Zunayed Ali Morsalin Home

Merge sorted files

Tags: heaps

Let’s say we want to write a program that takes a input of sorted sequences and computes the union of these sequences as a sorted sequence. For example for input [(3,5,7), (0,6), (0,6,28)]:

The output would be [0,0,3,5,6,6,7,28]

A brute force solution would involved combining all the sub lists and running a o(nlogn) sorting algorithm assuming n items. One thing we can do is utilize the fact that all these sub lists are sorted. If we maintain a min heap to keep the smallest number seen we can pop off the smallest element to populate the final list as we parse the sub lists

So let’s first seed our min heap with the first elements of each sub lists to get an initial sorting.

Initial min heap

Now that we have some initial values we can also make the assumption that the min from this heap is the smallest possible number since all the sub lists are sorted. We can keep adding to our heap and keep popping until we have exhausted all numbers.

process

So we keep removing and adding things to the heap until we have exhausted all the elements from the sequences.
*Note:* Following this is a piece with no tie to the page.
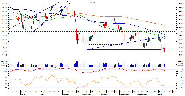 Markets have breached the important pattern support of 7540-7550 levels thrice
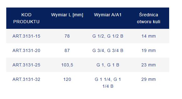- Wymiar A1: G 1 1/4 B

One cool python tool is the use of iterators. We can use them to manage combining lists of different sizes and not have to add guards for index errors.

i1 = iter([1,2,4])
i2 = iter([3,47])
i3 = iter([])

for it in [i1, i2, i3]:
    element = next(it, None)
    if element:
        print(element)


# 1, 3

So putting it all together the code will look like this:

import heapq

def merged_sorted_arrays(sorted_arrays)
    heap = []
    array_iterators = [iter(x) for x in sorted_arrays)]

    for index, it in enumerate(array_iterators):
        element = next(it, None)
        if element:
            heapq.heappush(heap, (element, i))

    result = []
    while heap:
        smallest_item_in_heap, array_index = heapq.heappop(heap)
        result.append(smallest_item_in_heap)

        next_item_to_add_to_heap = next(array_iterators[array_index], None)

        if next_item_to_add_to_heap:
            heapq.heappush(heap, (next_item_to_add_to_heap, array_index)]

    return result